Saturday morning, Will & Shobey woke up fairly early and we decided to do a trail run at the hefner trails. I love it there, Shoba is still excited that it's getting to that time of the year where we run in the woods so it takes a little patience once he gets the hang of it, it's awesome and I've ran up to 5 miles with him, but right now we are at two and half. After our run, we drove home with the windows down and then enjoyed the rest of our day making phone calls and going over some paperwork out on our patio. That evening Will and I started some wedding projects, it was pretty neat and I was pumped that the project was working out just like I had hoped. I made a run to CVS to print a few photos off and added them to my running wall section of the guest bedroom. Bedtime came early as I had planned to get up early the next morning.

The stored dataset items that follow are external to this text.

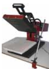
Support universel de table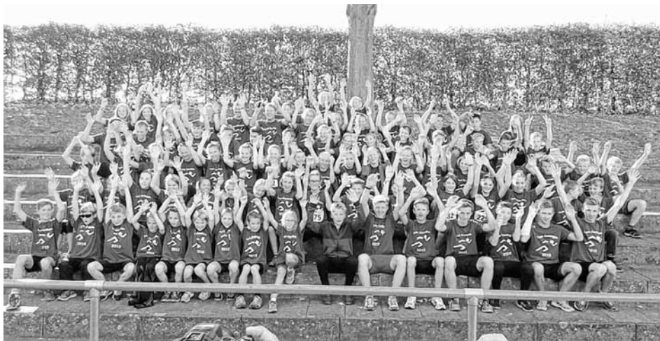
Team Esslingen ...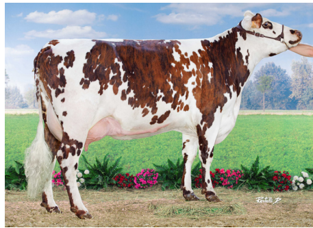
PALMA (Element), mère de UBELDIA - EARL DU BOIS DES SAULES (76) -

» UBELDIA Lombardi x Element (138, AB/A2A3) NEW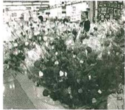
फ्लॉवर मार्केट मधील दृश्य

शोभेच्या वस्तू विक्रीसाठी ठेवलेल्या आहेत. त्यामध्ये कापडाच्या वस्तू, प्लॅस्टिकच्या वस्तू, वांबूपासून बनविलेल्या वस्तू अशा अनेक वस्तूंचा समावेश आहे. या सगळ्या वस्तू एवढ्या पद्धतशीरपणे लावून ठेवलेल्या आहेत की त्यांच्याकडे आपले लक्ष सहजच वेधले जाते. या दुकानातून देखील काहीना काही वस्तू खरेदी करूनच आपण बाहेर पडतो. तोच आपण धान्य आणि बियांच्या दुकानात प्रवेश करतो. आपल्याला एखाद्या धान्याचे किंवा फुलझाडाचे बी पाहिजे असेल तर ते येथे मिळते.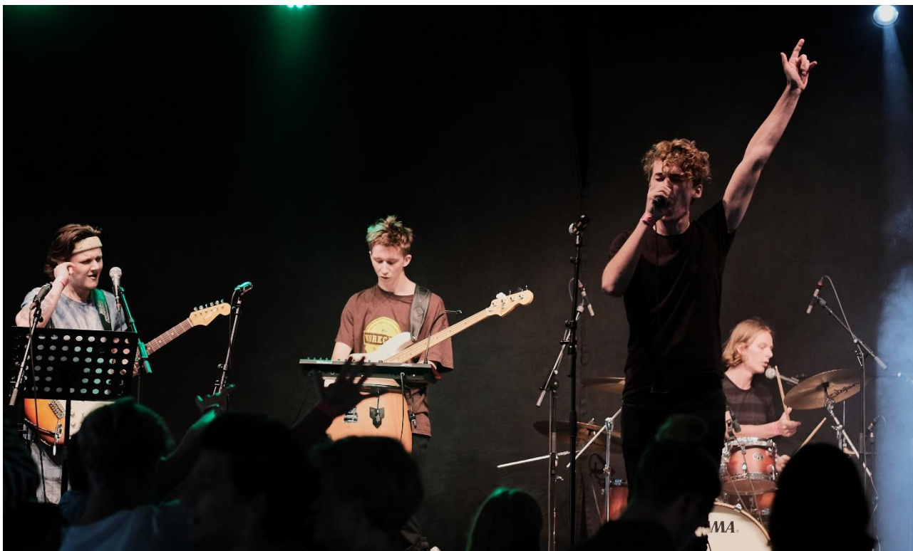
Elevband på scenen ved SGønfesten, 2018.

Igen i år afholdt vi vores egen musikfestival, SGønfest, i slutningen af august. SGønfesten afholdtes på sportspladsen og i Hal 2 og indeholdt en række sociale aktiviteter, fællesspisning og ikke mindst livemusik på den store scene ved 11 forskellige elevbands og et lærerband. Festen inkluderede også koncert med Shaka Loveless.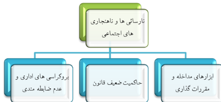
شکل ۳- مقررات گذاری ناقص و نارسایی ها

می رسد روح همکاری و تعامل در ساختارهای تصمیم ساز و تصمیم گیر تا حد زیادی تنزل یافته و چشم گیر نبوده است. در اثر بروکراسی های اداری و عدم ضابطه مندی، مقررات گذاری با مشکل روبرو شده است. هر چند گاه این مشکل برآمده از ناهنجاری و ناهمگونی های ساختاری است. همین امر سبب گردیده تا بحران هایی از جمله بحران محیط زیستی در جامعه نمود پیدا کند.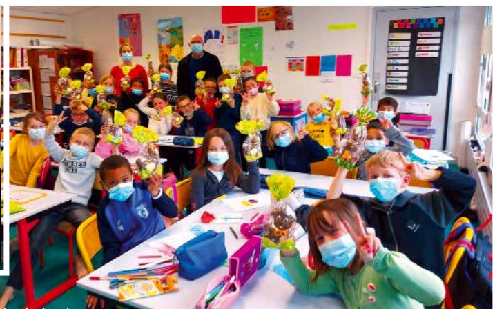
Distribution de chocolats de Pâques à l'école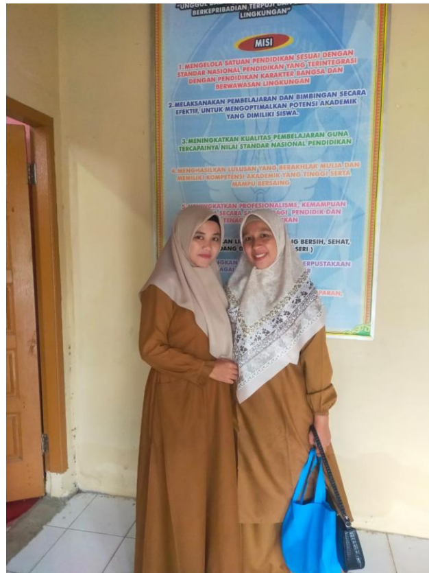
Peneliti salah satu guru pendidikan agama islam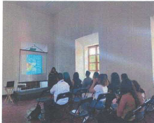
Convergencias, Artes visuales, presentaciones literarias Casa de la Cultura Marzo, 2026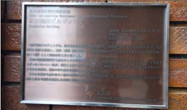
기노쿠니야 홀 역사적 건축물 안내판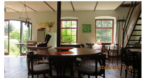
Biohof Ihlow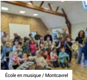
École en musique / Montcavrel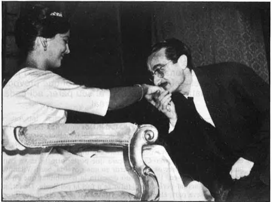
Fuster als premis Ausiàs Marc, afectuós.

Els resultats, doncs, llibres, revistes, teatre, catàlegs, ràdio, una mica de música i de vídeo, alguns híbrids novedosos, molta gent involucreada, una societat creixentment receptiva. Però tot això no és el model saforenc, si de cas només és el producte. El que hi ha és una xarxa de bars, cafeteries i cases de bon estar amb taules propícies per a la tertúlia i una gent amb oficis diversos, però harmonitzables, que fan el barret mentre juguen al truc o lliguen mentre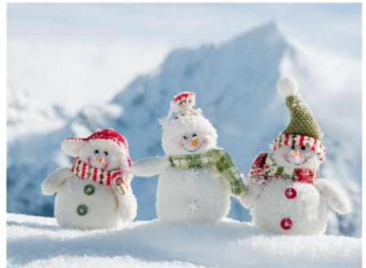
К Новому году готовы!

- Сынок, а вы в садике тоже дерётесь? - Да. - И кто побеждает? - Воспитательница.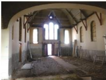
12. Een lege kerk, na sloop van het interieur uit 1971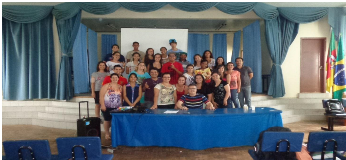
Gincana de encerramento do ano letivo, na Escola Patrocínio – Ensino Médio.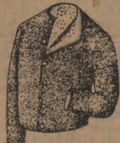
Såmskinnvästar med och utan ärmar Herr- från 8 till 25 st., Dam- från 5 kr. OBS! Stort urval Skinnkläder.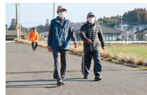
参加者は3グループほどに分かれて、自分に合ったコースを歩きます。

「本町自治会すこやか地域支援会」は、輝北町本町自治会の住民で構成され、健康増進を目的に月1回、ウォーキングやグラウンド・ゴルフ、ゲートボール教室等を行っています。同会が発足したのは平成18年。市の健康づくりに関する事業を活用したグループ活動として始めたのがきっかけでした。現在の会員は25人で、それぞれが無理のない範囲で活動をしています。また、毎月集まることで会員の健康状態を確認し合うことも重要な目的の一つです。発足以降、毎日ウォーキングを行うようになり、体調がよくなったという会員も多く、今後も健康のため、地域で協力し合いながら同会は歩み続けます。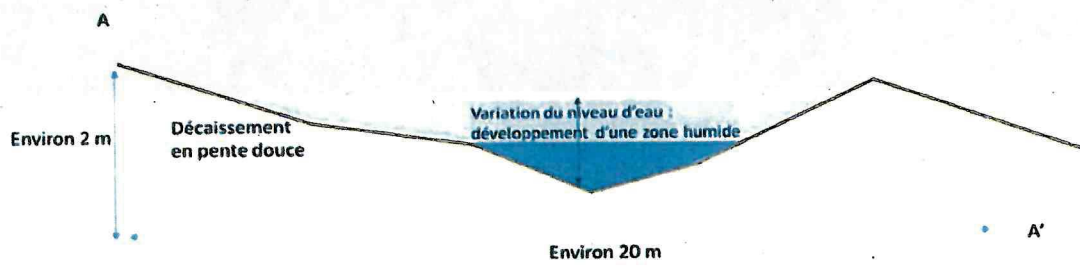
Figure 1 : Profil type de la zone humide compensatoire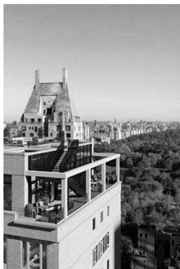
Photo : One11 Residences at Thompson Central Park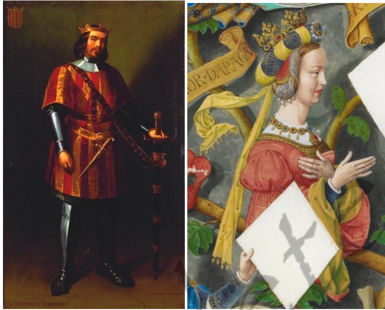
Zijn ouders: Ferdinand I van Aragón en Eleonora Urraca van Castilië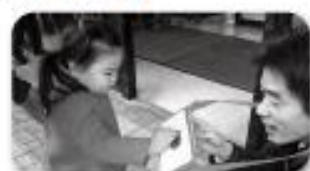
社会福祉協議会の理事、各種団体の皆さんによる街頭募金(写真上)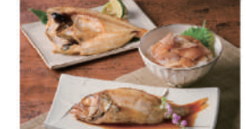
・のどぐる開き・のどぐる煮付×各5尾、のどぐる煮付揚げ80g×5 / 開せと煮付のどぐる(赤むつ):日本・韓国産、煮付のどぐる(赤むつ)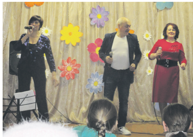
Гости на сцене.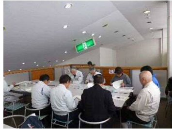
（宮野常務・藤本課長の説明）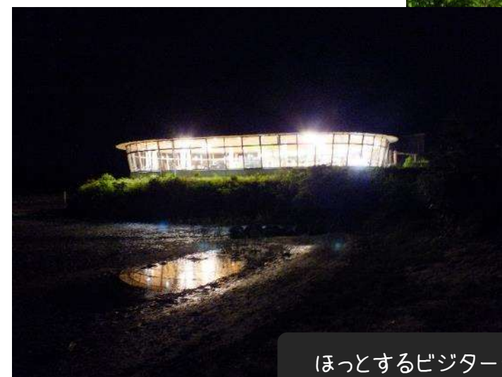
ほっとするビジターセンターの明かり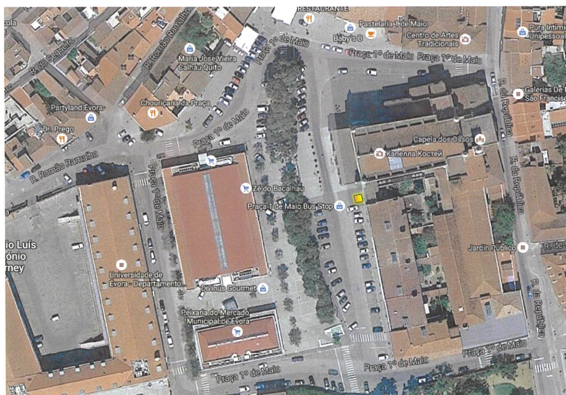
Largo da Igreja de S. Francisco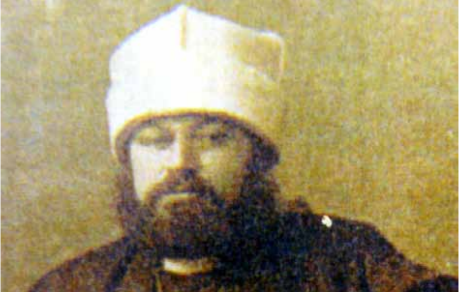
Resim 5. Dört Terkli Tâclı Tevfik Baba

Tâcın kubbesi pîr itibar olunup tepesinde “Allahü la ilahe illa hüve küllü şey’in hâlikü’l-vücûhehu lehü’l-hükmü ve ileyhi türce’un” 26 ; ortasında “ayet-i kürsî (Allahu lâ ilahe illa hüve’l-hayyü’l-kayyum)” 27 ; kenarında “sure-i yasin”; eteğinde “yasîn ve’l-Kur’ani’l-hakîm” 28 ; iç kısmında “senurihim âyatınâ fi’l-afâki ve fi enfüsihim” 29 ; dış kısmında “lâ ilahe illallah Muhammedün Resulullah Ali Veliyullah ve Mehdi eminullah” 30 ; altında “fe-eynemâ tuvellû fe semme vechullâh” 31 ; arkasında “ve alleme ademü’l-esmâ kullehâ sümme aradahum ale’l-melâiketi temmet” 32 ve önünde “Fatıma tevalevve Fatıma fesümmihü vechullah” yazılı olurdu (Erkanname-1, 2007: 194-195; Bektâşî Tarikatına Ait Usul Âdâb ve Ayinler Mecmuası , 1284: 27b-28a; Koçak, 2005: 95; Müstakimzâde, 2001: 89; Özcan, 2007: 30; Sunar, 2003: 161). Bununla birlikte Erkannamelerde tâcın terkinde “terk-i dünya re’si, külli ibadet hubbi, dünya re’si küllü hatıyyetin” ile tâcın Arşullah ve yüzünün Vechullah olduğu yazılıdır. (Koçak, 2005: 96)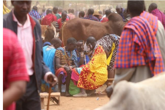
Éleveurs sur un marché aux bestiaux

Améliorer les moyens de subsistance des communautés agropastorales à travers une production fourragère et un élevage de bétail optimisés, en s'appuyant sur des innovations climato-intelligentes guidées par le marché et une gestion durable des paysages dans les comtés de Taita Taveta, Kajiado et Narok.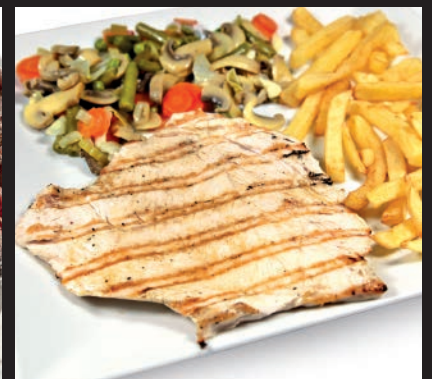
Pechuga de Pollo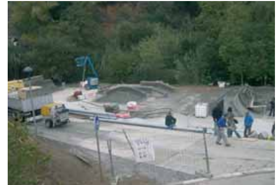
A més d'una grada i un petit escenari el parc té zona de patinatge i zona d'escalada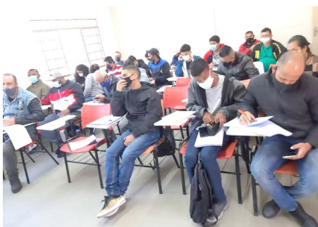
Curso de hidráulica início agosto /22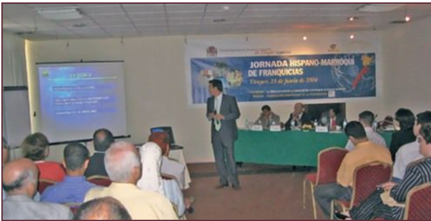
Momento de la jornada en el que se estudiaron las ventajas empresariales del país vecino.

Los días 23 y 24 del pasado mes de junio, tuvo lugar en la ciudad marroquí de Tánger el "Encuentro Empresarial del sector de la Franquicia" promovido por la Cámara de Comercio Española. Melior estuvo presente en este evento a través de la Federación de Franquiadores de Andalucía (FRANCA), asociación de la que es miembro.

handsome beer drinkin, craftin' man
I was up super early on Sunday but I hadn't thought my plans through thoroughly so I didn't get everything done in the order I had hoped, however, I was able to get the cheese platter ready and looking presentable for Emily's wedding shower. I was the first of five at the venue location which is actually crazy because I'm usually never on time, but I am getting better. (that's me tooting my own horn about timing ha, if you only knew how bad I used to be... ) The shower was lovely as was the bride who showed up in a little white dress with fantastic shoes looking hot as hell. The decor and the venue turned out to be very rustic shabby chic and Emily got showered with great gifts and love from her people. I love to see people be loved, so it was nice to watch a group of women watch her open her gifts, mingle with her and brighten her smile with their presence. It's a an exciting time for her and it's just nice to be able to see her take in all the wedding bliss, others happy makes life that much more beautiful to me! xo
Super cute J & E that Michele made
Sunday evening, I don't know if something just didn't set well with my stomach or if I was just feeling a little emotionally exhausted about a particular situation that I have been trying to stay positive about. It's just hard with my emotions still being raw and trying to swallow the reality that some things may never change and this is how things could be for a very long time. It's hard when a subject is brought up or being questioned about a particular situation. I feel that others question me because they truly believe I am not a good person, to me that's hurtful. Usually with me, if I'm not talking about something openly it's because I'm still trying to digest the truth of it myself. It's definitely hard when I feel I have to defend myself or have to discuss it with others who do not know me well. It's also hard for me to share personal things with people who do not know the real me, and I think unfortunately others judge me on situations they do not have any idea about. I worry that others ask questions when it's not necessary. This results in others being unprepared for the answer I may give them. I feel that sometimes I don't go into detail because I don't think people are prepared for it, and it hurts me personally to rehash feelings/situations that are still new to me. I pray daily about this situation, my heart aches because of the people involved and the situation at hand. I also pray that I will not be misunderstood while dealing with these emotions. I pray for others, that they will not judge me based on something they do not know, that they will find it in their heart to think before speaking unkindly and search for the good before they assume bad. I pray that I will continue to stay positive and grounded in who I am as an individual when I fall under scrutiny from others. I pray a lot about this entire situation in more ways than you could believe. Anyway, Will decided that we should get in bed early and veg out and that would help ease the off vibes I was experiencing. I'm pretty sure I just fell right asleep. I am the person who sleeps when depressing feelings overwhelm me, I once slept so much that I had an old roommate ask if I was on drugs. Totally not the case, I just felt that sleep was the only way I could shut the thoughts off. It is always nice when he is beside me and I do recognize that he does try to show he's here for me. Think I'll keep him around ;)
Anyway, new day, new week, new month, new me?!? haha, just kidding, I'm still the same. Have a great week friends!